As illustrated in FIGS. 3 to 5, the trained model 120 includes items such as Venue No., Performance type, and Trained model. Venue No. is identification information, such as number, for uniquely identifying a venue where a performance is carried out. Performance type is information indicating the type of the musical performance carried out in the venue identified by Venue No. An example of Performance type is a musical instrument played. Trained model is a trained model corresponding to the sound of the performance carried out in the venue identified by Venue No.


In the example illustrated in FIG. 3, a second trained model and a third trained model are stored in the trained model 120-1. The second trained model is a model that estimates a future performance sound corresponding to the performance sound of a trumpet played in the venue identified by Venue No. 2. The third trained model is a model that estimates a future performance sound corresponding to the performance sound of a trumpet played in the venue identified by Venue No. 3. It is to be noted that the venue identified by Venue No. 1 corresponds to the venue in which the performer terminal 10-1 is provided. The venue identified by Venue No. 2 or Venue No. 3 corresponds to a venue in which a session partner exists.

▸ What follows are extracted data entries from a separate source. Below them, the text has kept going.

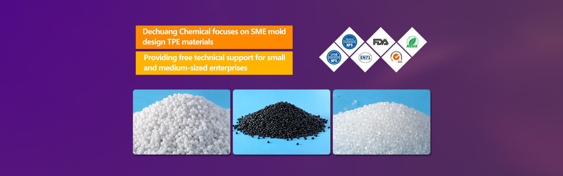 For 10 years, Dechuang Chemical has been focusing on the R&D and production of rubber and plastic materials. It is a high-tech modern enterprise specializing in R&D, production and promotion of TPE rubber and plastic materials, TPE rubber and plastic materials and other polymer functional materials. Long-term cooperation with Kraton, Kuraray, Taiwan Rubber BASF, Yueyang Petrochemical and many other well-known domestic and foreign manufacturers.
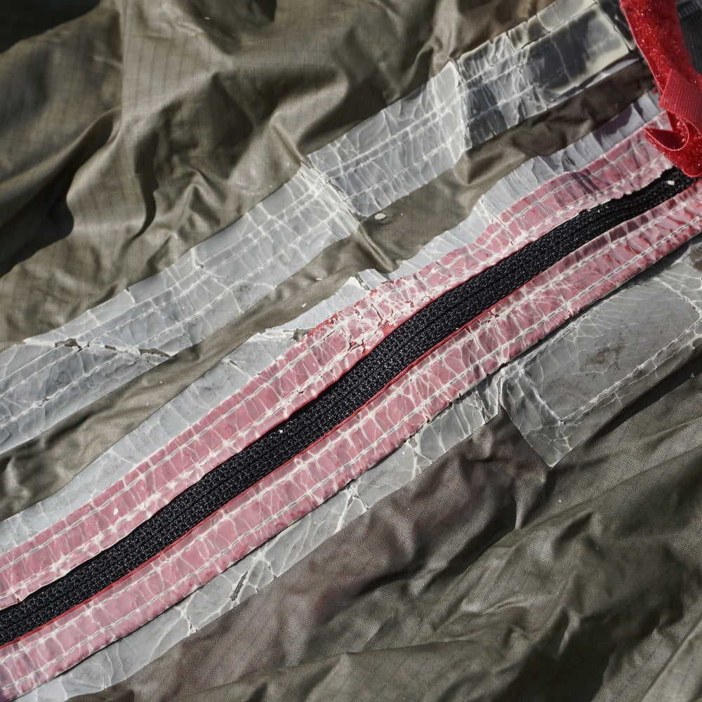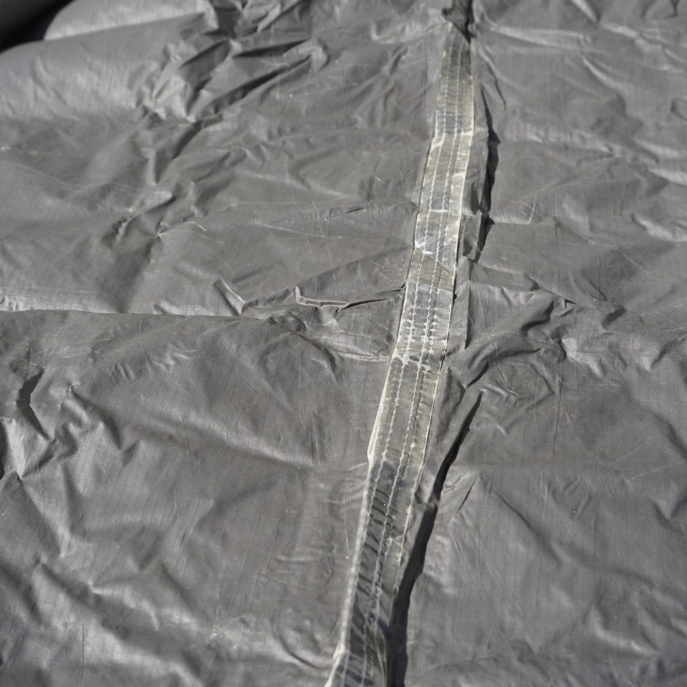 古いアイテムのため、シームテープがポロポロ崩れる箇所がございます。 シート自体のベタつきは少ないですが、劣化による臭いは若干ございます。 フレームの変形や使用に支障のある穴、破れなどは見当たりません。 |
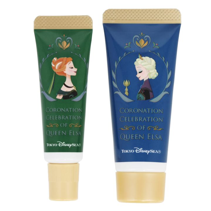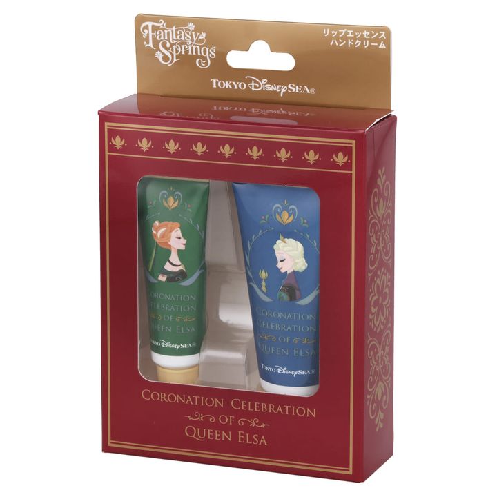 「アナ」と「エルサ」がそれぞれデザインされたリップエッセンスとハンドクリームのセット。
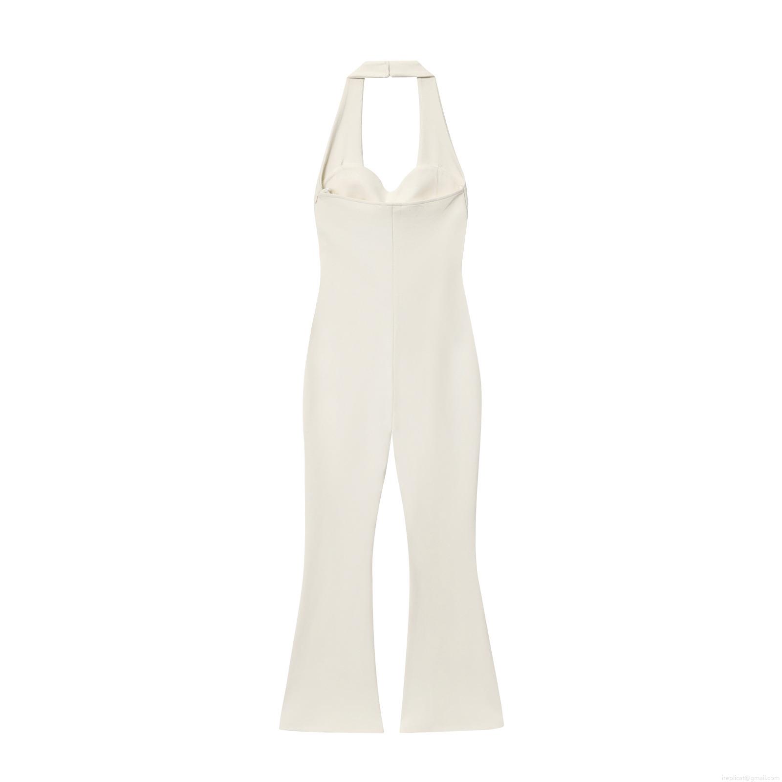Sexy Halter Neck Backless Flared Jumpsuit Women Elegant Deep V Neck Slim Fit Bell-Bottom One-Piece Bodysuit Polyester Spandex Evening Party Clubwear
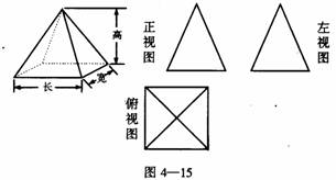 6、下面的三视图是图4-15中四棱锥的三视图,反映物体的长和高的是( )
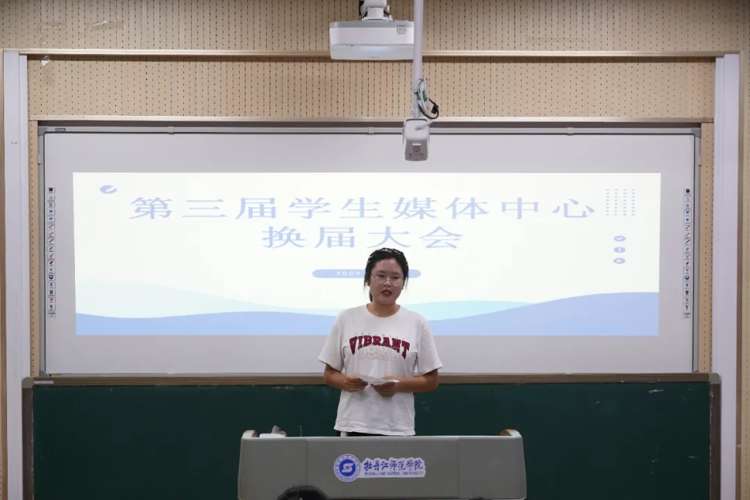会议第一项议程,主任程龄萱作年度工作报告。她总结过去一年里学生媒体中心开展的相关工作,对老师们在工作中的指导与包容表示感谢,也对各位干事的工作成果表示肯定,同时希望新一届成员能够继续立足本职岗位完成各项任务。
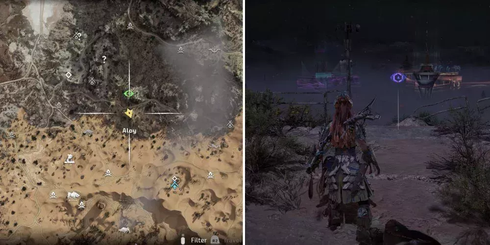 La ubicación de The Stillsands Vista Point será justo al norte de The Stillsands Vista Point Tower. Una vez que Aloy llegue a la ubicación apropiada, alinea la imagen de The Stillsands Vista Point con The Stillsands Vista Point Tower para revelar lo que formalmente era Las Vegas.

In the example illustrated in FIG. 4, a first trained model and a third trained model are stored in the trained model 120-2. The first trained model is a model that estimates a future performance sound corresponding to the performance sound of a trumpet played in the venue identified by Venue No. 1. The third trained model is a model that estimates a future performance sound corresponding to the performance sound of the trumpet played in the venue identified by Venue No. 3. It is to be noted that the venue identified by Venue No. 2 corresponds to the venue in which the performer terminal 10-2 is provided. The venue identified by Venue No. 1 or Venue No. 3 corresponds to a venue in which a session partner exists.


In the example illustrated in FIG. 5, a first trained model and a second trained model are stored in the trained model 120-3. The first trained model is a model that estimates a future performance sound corresponding to the performance sound of the trumpet played in the venue identified by Venue No. 1. The second trained model is a model that estimates a future performance sound corresponding to the performance sound of the trumpet played in the venue identified by Venue No. 2. It is to be noted that the venue identified by Venue No. 3 corresponds to the venue in which the performer terminal 10-3 is provided. The venue identified by Venue No. 1 or Venue No. 2 corresponds to a venue in which a session partner exists.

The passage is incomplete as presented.